Once the standard choice – even in the days of four-star – petrol cars are quieter than their diesel equivalents, and continue to be much cheaper to buy, whether new or used. According to a report by the Telegraph, petrol versions of popular models offer a £1,400 saving over their diesel counterparts for compact, saloons and hatchbacks. This only stands to grow with more expensive models. For every positive, however, there’s a negative: petrol cars also depreciate more readily.

Petrol’s other major benefit, of sorts, is in its environmental impact when compared directly to diesel – yet with the arrival of genuinely green alternatives, and the fact it’s still a fossil fuel, these are negligible in real terms.

Finally, there was one thing in petrol’s favour for a long while – being consistently 3p-5p cheaper than diesel. However, in recent months (and as of August 2015), diesel’s actually become the lowest-priced option of the pair. However long that will last, no-one knows – but petrol’s cost crown has been knocked off its head.

Diesel

Diesel engines are, without a shadow of a doubt, far more fuel efficient; they can do an average of eight miles more to the gallon, effectively meaning nearly £100 of savings per year for those filling with diesel and not petrol. As we noted earlier in petrol cars’ comparable cheapness, though, you may have to own a diesel car for 14 years before you see the benefit of the spending.

While diesel cars cost a significant amount more to insure – up to 15% than petrol alternatives – their road tax is generally less, as fuel efficiency results in lower CO2 emissions. That said, it’s still not cleaner – diesel also results in more NOx emissions, which are much worse for the environment.

So, diesel or petrol? As far as we’re concerned, long drives and regular commuting will probably suit you better to a diesel car, while the lower initial outlay costs of a petrol car will be better for anyone else.

But what about the new kids on the block?

Fuel cells

While they’re still only just gaining traction, hydrogen fuel cells may be the only way we travel in decades to come. There are only two options available to prospective car owners at the moment: the Hyundai ix35 and Toyota Mirai. They’re not the cheapest, either, at between £35,000 and £40,000. As with any technology, though, this’ll only be driven down by more competition in the coming years.

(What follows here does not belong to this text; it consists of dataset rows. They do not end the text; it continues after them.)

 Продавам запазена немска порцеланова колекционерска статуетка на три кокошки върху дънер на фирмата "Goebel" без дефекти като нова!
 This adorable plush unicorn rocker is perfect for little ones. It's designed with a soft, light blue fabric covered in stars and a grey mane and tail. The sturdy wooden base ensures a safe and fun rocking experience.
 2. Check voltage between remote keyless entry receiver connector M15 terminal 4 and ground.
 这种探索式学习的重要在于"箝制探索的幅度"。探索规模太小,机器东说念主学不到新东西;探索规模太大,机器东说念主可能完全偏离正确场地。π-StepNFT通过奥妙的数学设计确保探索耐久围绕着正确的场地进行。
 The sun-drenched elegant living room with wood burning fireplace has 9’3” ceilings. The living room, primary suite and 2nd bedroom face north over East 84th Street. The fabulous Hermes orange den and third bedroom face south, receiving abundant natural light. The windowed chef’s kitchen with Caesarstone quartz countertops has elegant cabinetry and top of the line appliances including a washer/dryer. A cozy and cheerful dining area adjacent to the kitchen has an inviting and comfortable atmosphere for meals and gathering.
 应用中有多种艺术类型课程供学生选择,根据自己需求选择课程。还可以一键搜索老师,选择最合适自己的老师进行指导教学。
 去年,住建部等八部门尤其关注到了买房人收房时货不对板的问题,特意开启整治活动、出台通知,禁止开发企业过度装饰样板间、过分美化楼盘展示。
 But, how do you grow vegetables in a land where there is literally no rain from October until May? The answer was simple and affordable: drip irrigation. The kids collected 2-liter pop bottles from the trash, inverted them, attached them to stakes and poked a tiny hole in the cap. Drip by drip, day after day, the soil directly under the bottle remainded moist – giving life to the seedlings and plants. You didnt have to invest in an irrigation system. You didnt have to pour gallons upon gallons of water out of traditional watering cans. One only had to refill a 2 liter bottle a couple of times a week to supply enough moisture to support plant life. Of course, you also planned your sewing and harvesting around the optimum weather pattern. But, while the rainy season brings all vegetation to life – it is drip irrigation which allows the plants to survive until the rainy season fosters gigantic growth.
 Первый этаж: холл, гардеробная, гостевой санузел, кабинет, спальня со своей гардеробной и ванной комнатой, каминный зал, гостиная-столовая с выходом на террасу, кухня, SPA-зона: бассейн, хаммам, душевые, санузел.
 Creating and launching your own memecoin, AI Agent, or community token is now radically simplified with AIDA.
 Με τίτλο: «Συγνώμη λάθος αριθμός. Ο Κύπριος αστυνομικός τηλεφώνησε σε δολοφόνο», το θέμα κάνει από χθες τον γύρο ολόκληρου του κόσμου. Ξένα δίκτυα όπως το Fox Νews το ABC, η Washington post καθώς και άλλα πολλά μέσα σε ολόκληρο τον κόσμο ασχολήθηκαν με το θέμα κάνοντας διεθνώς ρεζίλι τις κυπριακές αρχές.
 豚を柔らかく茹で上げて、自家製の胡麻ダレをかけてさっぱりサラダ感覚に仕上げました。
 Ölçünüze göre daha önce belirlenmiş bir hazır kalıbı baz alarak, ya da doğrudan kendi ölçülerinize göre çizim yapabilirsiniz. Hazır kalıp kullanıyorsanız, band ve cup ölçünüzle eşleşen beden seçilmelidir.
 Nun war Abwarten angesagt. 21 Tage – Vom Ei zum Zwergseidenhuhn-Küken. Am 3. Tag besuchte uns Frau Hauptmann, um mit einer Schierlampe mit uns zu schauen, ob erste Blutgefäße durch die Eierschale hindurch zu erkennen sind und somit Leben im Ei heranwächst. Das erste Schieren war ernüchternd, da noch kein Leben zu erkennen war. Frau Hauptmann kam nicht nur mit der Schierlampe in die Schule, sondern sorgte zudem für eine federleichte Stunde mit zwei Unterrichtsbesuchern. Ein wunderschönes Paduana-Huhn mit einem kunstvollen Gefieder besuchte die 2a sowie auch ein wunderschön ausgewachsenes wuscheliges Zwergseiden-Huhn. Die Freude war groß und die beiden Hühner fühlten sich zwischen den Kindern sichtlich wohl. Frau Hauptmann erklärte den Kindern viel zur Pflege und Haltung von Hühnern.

The sad fact about these is that the fuel hasn’t been optimised properly; according to Transport Evolved, which covered Toyota’s appearance at the JP Morgan Auto Conference last year, its Mirai costs twice as much to run as its famous Prius. Perhaps it’s worth waiting on this fuel alternative indefinitely.

Electric cars and hybrids

While the electric car has long been a dream and, in one limited way or another, a reality for decades (cap doffed to Clive Sinclair), the modern electric car really got going just under 20 years ago with the aforementioned Prius. Since then, it’s gained traction, notably from the company Tesla, as well as Nissan’s Leaf.

Electric cars are still expensive, but only on the initial cost; they come in at an average of £8,000 more than petrol models, according to the Beeb, but the government does offer grants to those who buy them – capped at £5,000, but effectively covering as much as 35% of the cost of one (if they’ll ever be priced that low).

So long as you have a charging point at home, you’re okay – though naturally your car use will be courtesy of power or E.ON, not BP or Shell. The only problem is the scope of travel that you can get from one full charge – the Leaf barely does 70 miles on a single charge, for example.

Hybrids, meanwhile, may be the best option for those looking to do their bit for both their wallet and the environment. Used models can cost as little as £10,000 these days, and give you the added kick of cutting your fuel costs by a quarter.